■ Recorded information:
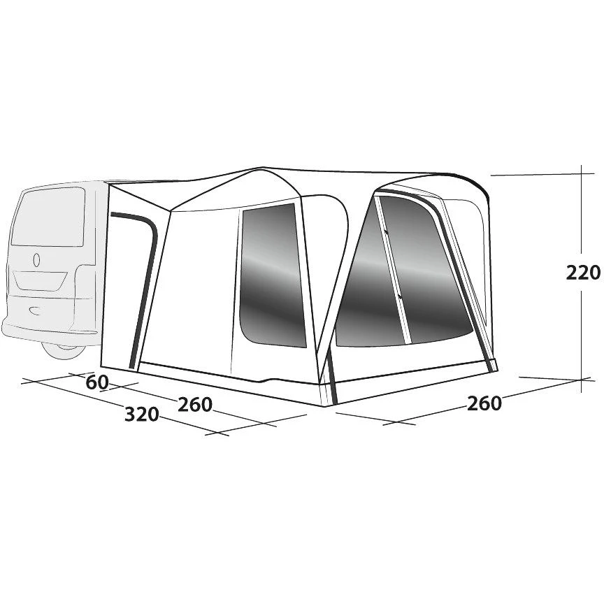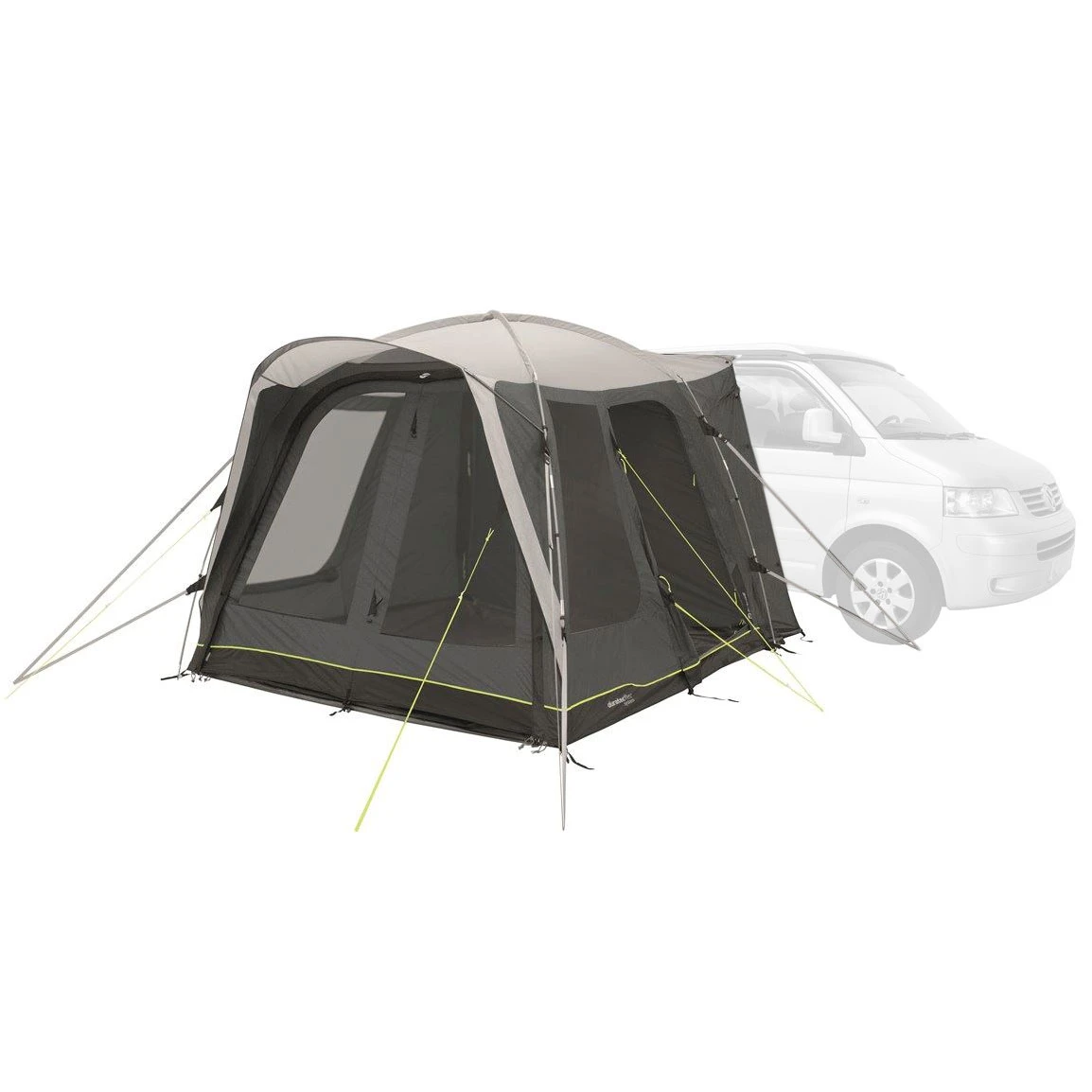 The Milestone Shade freestanding dome awning is perfect for smaller campsites. It has a door on the side of the Link Access Zone and a side entrance, as well as a fabric track for height adjustment on the inside. The awning attaches quickly and easily to buses with heights between 175 and 200 cm. The flat-folding front door under the rounded canopy is equipped with a mosquito net, and the ventilation opening at the top, protected by mesh fabric, improves the climate inside the tent.
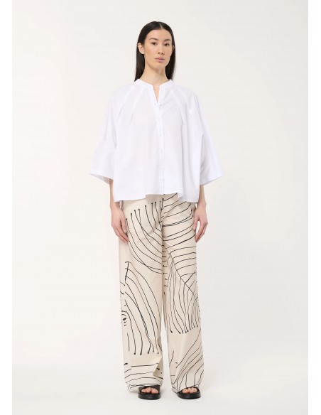 La camisa over blanca es una prenda versátil y contemporánea, perfecta para looks relajados pero con carácter. Confeccionada en popelín liso 100% algodón, su diseño oversize ofrece una silueta fluida con un volumen generoso que aporta comodidad sin perder estilo. Destaca por su escote mao con delicadas pinzas frontales que aportan estructura, y sus mangas cortas que la hacen ideal para los días cálidos. Su largo de 62 cm permite llevarla tanto por fuera como por dentro del pantalón o la falda.
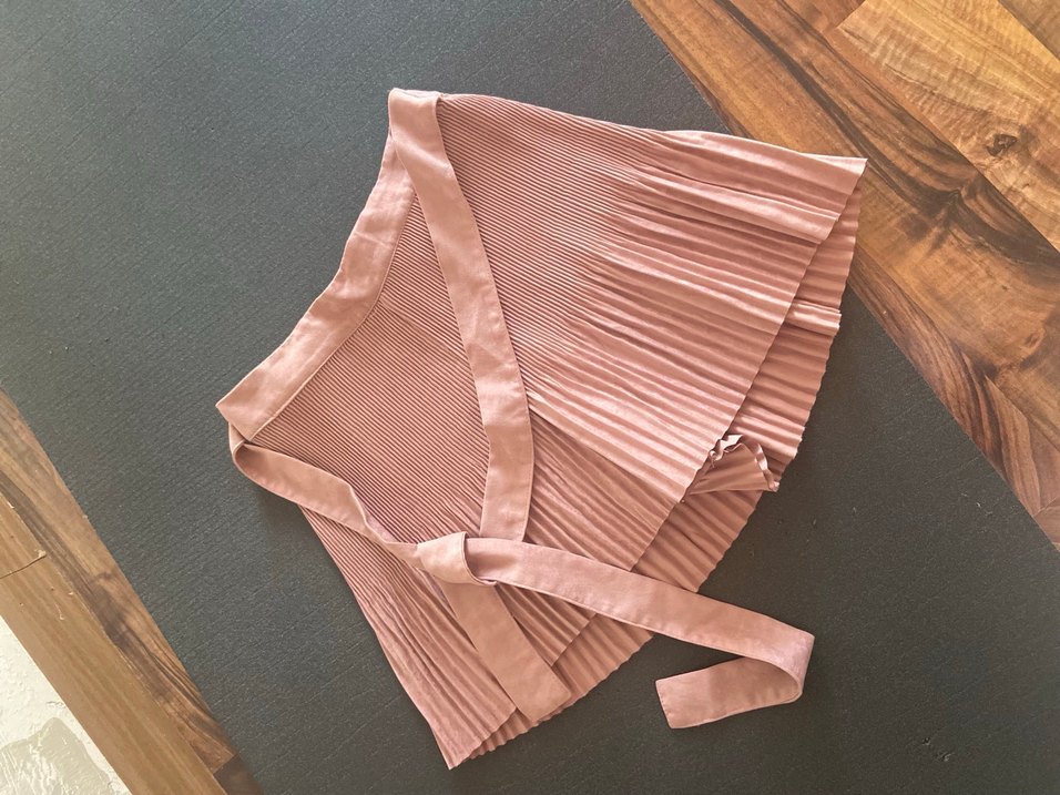 Pudra pembe renkte, pilili ve vücuda oturan șort etek. Midi boyda ve sentetik kumaştan yapılmıştır. Bohem Paris tarzını yansıtır, günlük kullanıma uygundur. Kadifemsi.
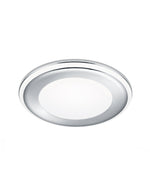 Il faretto rotondo da incasso della serie AURA di Trio Lighting é realizzato in plastica finitura cromo, con alette laterali che facilitano l'installazione nei controsoffitti in cartongesso.

■ Task objective: Give back all of the data exactly, but not the pictures.

■ Solution below:
 The Milestone Shade freestanding dome awning is perfect for smaller campsites. It has a door on the side of the Link Access Zone and a side entrance, as well as a fabric track for height adjustment on the inside. The awning attaches quickly and easily to buses with heights between 175 and 200 cm. The flat-folding front door under the rounded canopy is equipped with a mosquito net, and the ventilation opening at the top, protected by mesh fabric, improves the climate inside the tent.
 La camisa over blanca es una prenda versátil y contemporánea, perfecta para looks relajados pero con carácter. Confeccionada en popelín liso 100% algodón, su diseño oversize ofrece una silueta fluida con un volumen generoso que aporta comodidad sin perder estilo. Destaca por su escote mao con delicadas pinzas frontales que aportan estructura, y sus mangas cortas que la hacen ideal para los días cálidos. Su largo de 62 cm permite llevarla tanto por fuera como por dentro del pantalón o la falda.
 Pudra pembe renkte, pilili ve vücuda oturan șort etek. Midi boyda ve sentetik kumaştan yapılmıştır. Bohem Paris tarzını yansıtır, günlük kullanıma uygundur. Kadifemsi.
 Il faretto rotondo da incasso della serie AURA di Trio Lighting é realizzato in plastica finitura cromo, con alette laterali che facilitano l'installazione nei controsoffitti in cartongesso.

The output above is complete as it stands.